Are the balloon and deck separate GameObjects, connected by some joints or something?
The balloon and the deck are separate game objects, and they are connected by joints. The balloon needs to pull the deck up. sorry for not clarifying.
Also, you say that you want it to only push the balloon part, but how exactly is that different from what you see happening? You have an objectB attached by some connections to some objectA, floating in mid air. When you lift just the objectA, the connections lift objectB along with it. Are you looking for some swaying or perhaps some elasticity? $$anonymous$$aybe you meant to ask about tilting the baloon by applying force only at the front?
Answer by dissidently · Dec 27, 2010 at 12:59 AM
Methinks Martin has given up on this, or moved on. However for anyone else interested... ConfigurableJoints are the solution for this and just about every other thing you can think of with Unity PhysX. Much more powerful than they have any right to be.
They have a feature that enables their connection to stretch to a certain point before returning based on force, and control over the characteristics of the response when stretched that allow dampening(damping) and rebound (spring) settings, and bounce, which occurs at the extremity of stretch settings.
Works the same in rotation as motion. Enormously fun to play with. Great waste of time.

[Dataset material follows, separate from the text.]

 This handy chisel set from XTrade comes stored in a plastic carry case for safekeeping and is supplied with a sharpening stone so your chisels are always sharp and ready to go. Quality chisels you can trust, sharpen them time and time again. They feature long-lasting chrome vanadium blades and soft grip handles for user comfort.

Even more interesting, they have "motors" that allow you to set a desired position for the connection, meaning you can apply a force to disrupt the desired position, instantiate in a disrupted position or at a disrupted rate of change or rotation and watch the joint correct over time based on how you setup the "motor". If the above case were a ballon and basket, judicious use of the motor on the basket combined with restrictions on the balloons rotation would see life like behavior.
For an airship, the problem sits in Mass. The balloon component of an airship is significantly less dense, AND buoyant, compared to the deck slung on it's underside. So they've gotta be two separate objects, with very different mass settings in their rigidbodies, and a strong connection via a fixed joint, or use a configurable joint with fixed liked settings before they will behave as expected under force.

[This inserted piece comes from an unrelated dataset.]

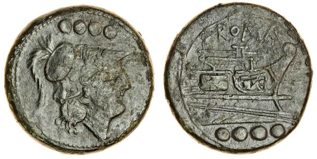 Roman Republic (c.217-215 BC), AE struck Triens, 27.49g, head of Minerva right, wearing crested Corinthian helmet, four pellets above, rev. prow right, roma above, four pellets below (RRC 41/7b; BMC 44), very fine

Answer by Proclyon · Dec 13, 2010 at 09:22 PM
Think of it from this perspective , if you were an invisble hand, and you could push things anywhere with any force, how would you move the balloon? From below right? And the cords would lose tension and the basket goes up the balloon goes up aswell just a bit slower tightening the cords back together ( assuming you do a bit of a push ).
Well I'm thinking, did you explain the whole cords aren't non-bendable diamond cables in your scene ? Because if they dont act like that the whole thing will just go up instead.
How to fix it? Wish I knew, but hoping to shed some light on the problem and trying to help with interpreting the question correctly
I agree that the connection cables are probably the key to the problem. They need to be able to stretch (a bit) and compress or coil.